-- What needs to be done --
Copy all entries without alteration and skip the pictures they hold.

··· Supplied data ···

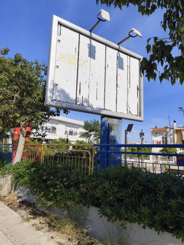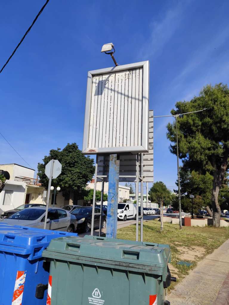 Η δημοσιότητα που πήρε η μισοδιαλυμένη πινακίδα στο πάρκο τσέπης στις Εργατικές Κατοικίες ανέδειξε την ανάγκη απομάκρυνσης παλιών διαφημιστικών πινακίδων. Και –ναι– ο Δήμος ξεκίνησε να ανταποκρίνεται οργανωμένα!
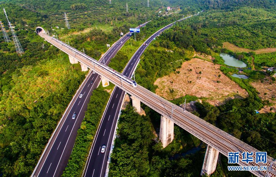 這是2016年10月11日無(wú)人機(jī)拍攝的海南環(huán)島高鐵東線(xiàn)三亞段。新華社記者 楊冠宇 攝
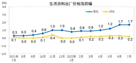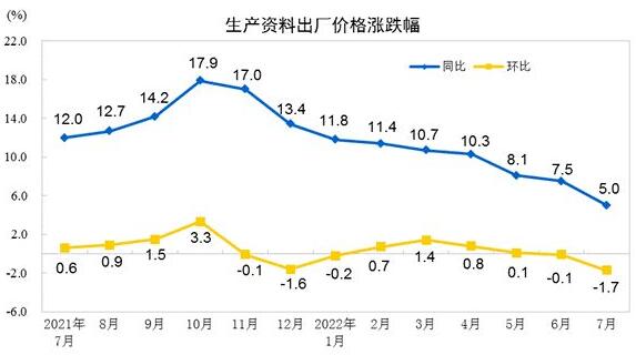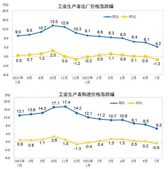 近日,國家統計局發布2022年7月份工業生產者出廠價格變動情況。2022年7月份,全國工業生產者出廠價格同比上漲4.2%,環比下降1.3%;工業生產者購進價格同比上漲6.5%,環比下降0.9%。1—7月平均,工業生產者出廠價格比去年同期上漲7.2%,工業生產者購進價格上漲9.8%。
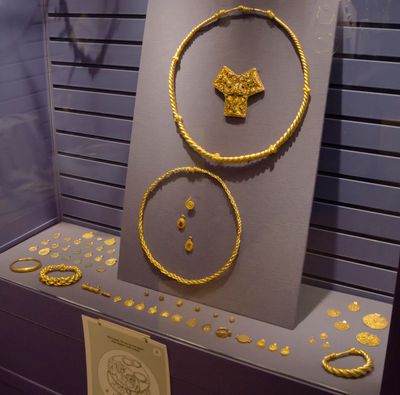 Der Hoen Gård Schatz enthält 207 Stücke, darunter 54 Gold- und vergoldete Silbergegenstände, Halsketten, Ringe und eine dreiblättrige Brosche aus der Karolingerzeit.
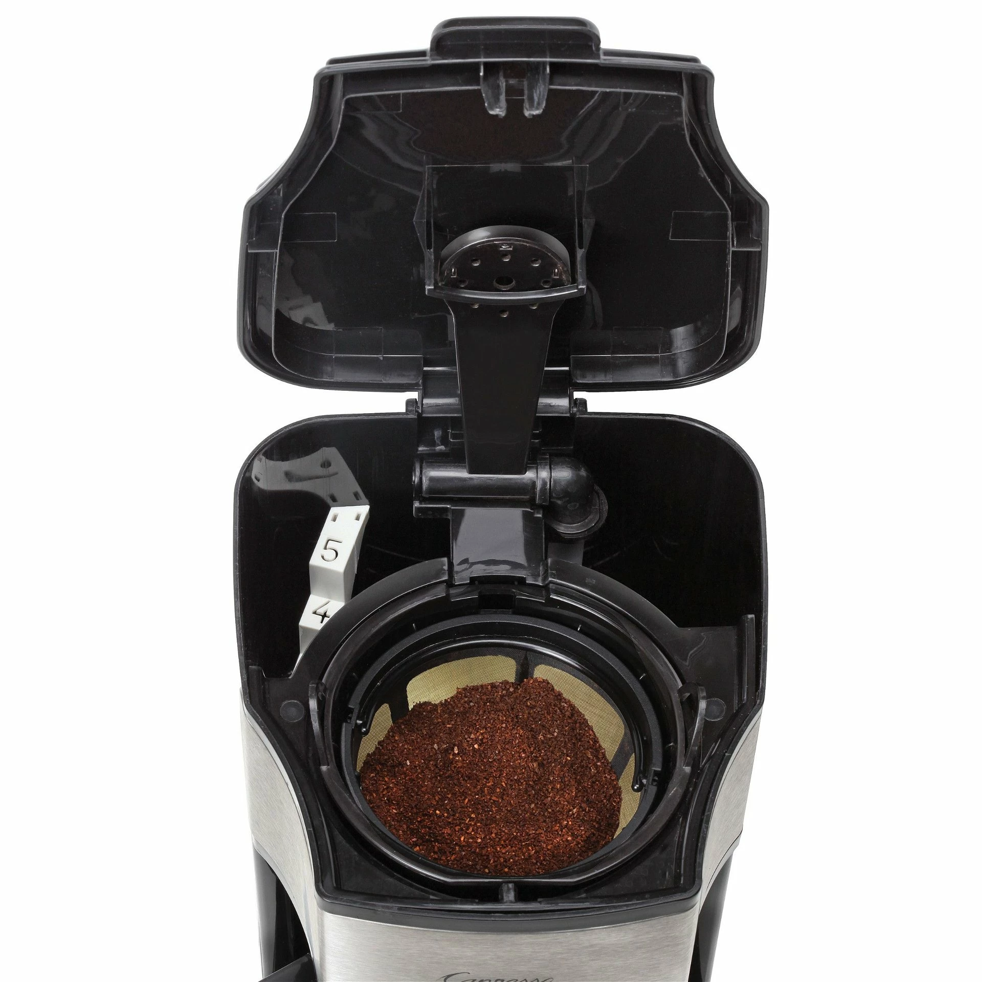 Rejuvenate the state of your day with a cup of coffee made when you need it to be made. With Capresso’s Programmable Drip Coffee Maker, you have the option to program the 24-hour timer to have your coffee ready just in the nick of time or right on time. This drip coffee maker includes a 5-cup carafe to help you meet your daily coffee needs. The easy-to-clean filter saves you time and money, eliminating the need for wasteful, disposable filters. Simply fill the water tank up to 5 cups using the internal level, and when ready, flip it on. All that’s left to do is wait a few minutes or more for that warm, comforting brew. So, start your day off right with a steamy cup of homemade coffee made with the Programmable Drip Coffee Maker by Capresso.
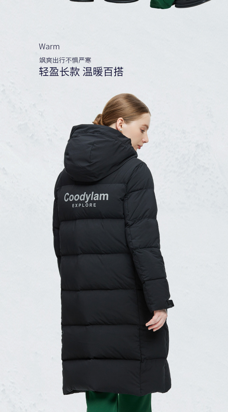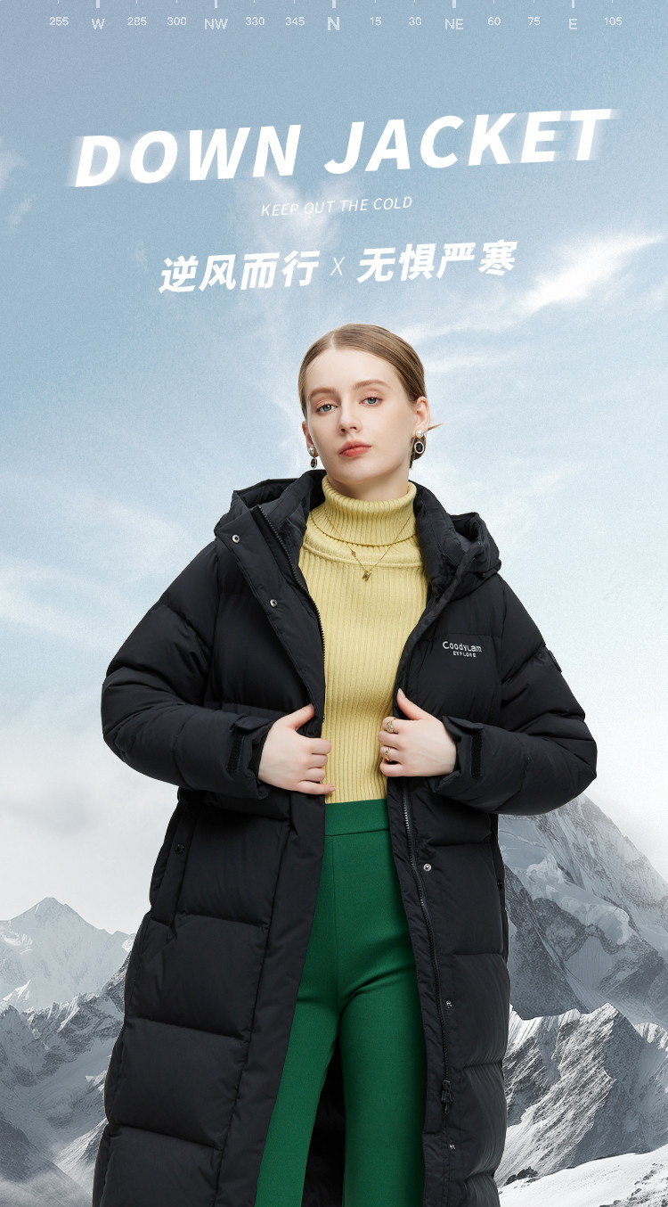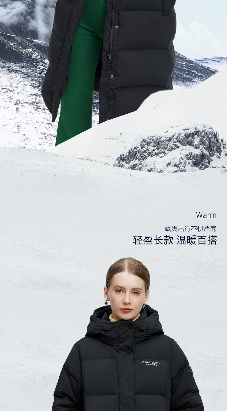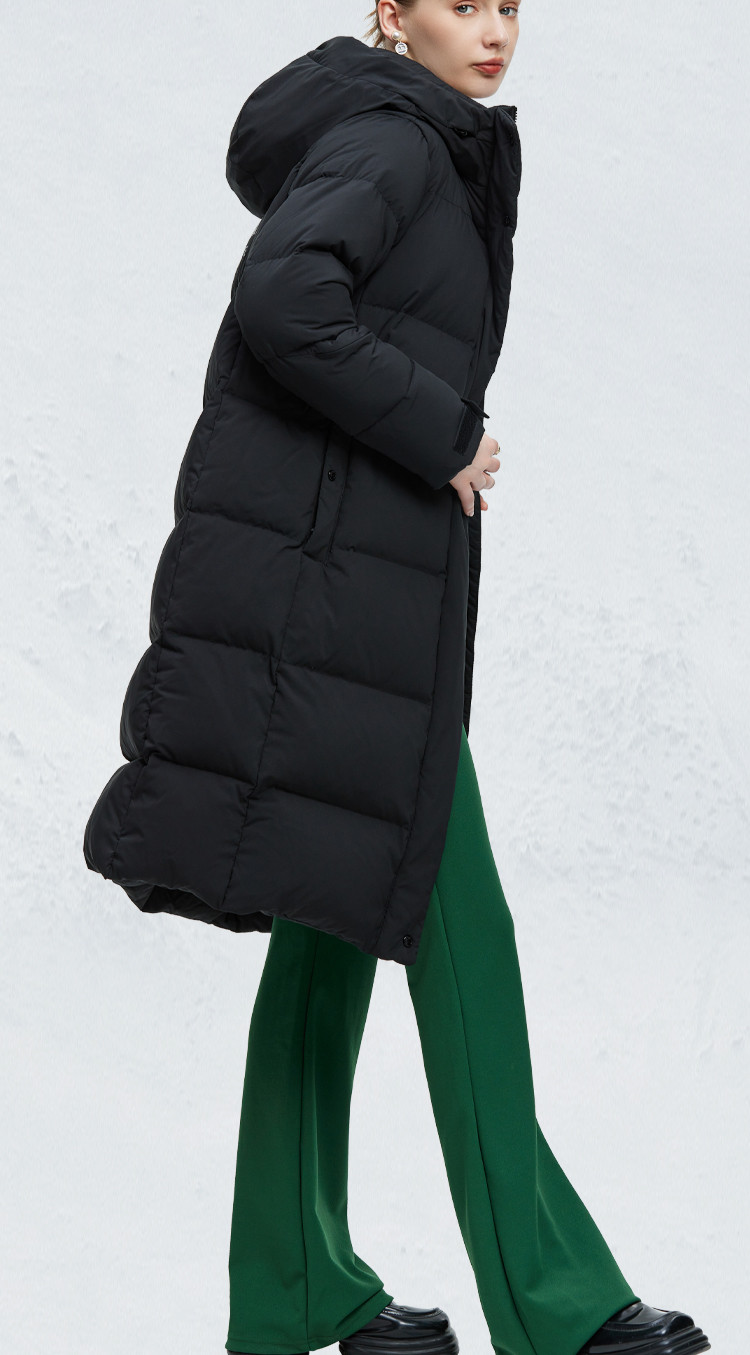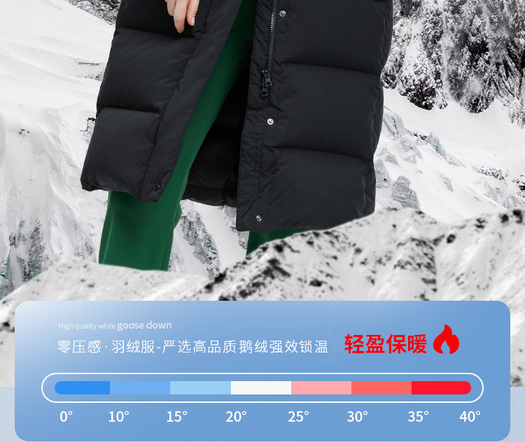 【鹅绒】运动保暖加厚抗寒女式连帽长款极寒鹅绒服 339615

···

-- Response area --
 Η δημοσιότητα που πήρε η μισοδιαλυμένη πινακίδα στο πάρκο τσέπης στις Εργατικές Κατοικίες ανέδειξε την ανάγκη απομάκρυνσης παλιών διαφημιστικών πινακίδων. Και –ναι– ο Δήμος ξεκίνησε να ανταποκρίνεται οργανωμένα!
 這是2016年10月11日無(wú)人機(jī)拍攝的海南環(huán)島高鐵東線(xiàn)三亞段。新華社記者 楊冠宇 攝
 近日,國家統計局發布2022年7月份工業生產者出廠價格變動情況。2022年7月份,全國工業生產者出廠價格同比上漲4.2%,環比下降1.3%;工業生產者購進價格同比上漲6.5%,環比下降0.9%。1—7月平均,工業生產者出廠價格比去年同期上漲7.2%,工業生產者購進價格上漲9.8%。
 Der Hoen Gård Schatz enthält 207 Stücke, darunter 54 Gold- und vergoldete Silbergegenstände, Halsketten, Ringe und eine dreiblättrige Brosche aus der Karolingerzeit.
 Rejuvenate the state of your day with a cup of coffee made when you need it to be made. With Capresso’s Programmable Drip Coffee Maker, you have the option to program the 24-hour timer to have your coffee ready just in the nick of time or right on time. This drip coffee maker includes a 5-cup carafe to help you meet your daily coffee needs. The easy-to-clean filter saves you time and money, eliminating the need for wasteful, disposable filters. Simply fill the water tank up to 5 cups using the internal level, and when ready, flip it on. All that’s left to do is wait a few minutes or more for that warm, comforting brew. So, start your day off right with a steamy cup of homemade coffee made with the Programmable Drip Coffee Maker by Capresso.
 【鹅绒】运动保暖加厚抗寒女式连帽长款极寒鹅绒服 339615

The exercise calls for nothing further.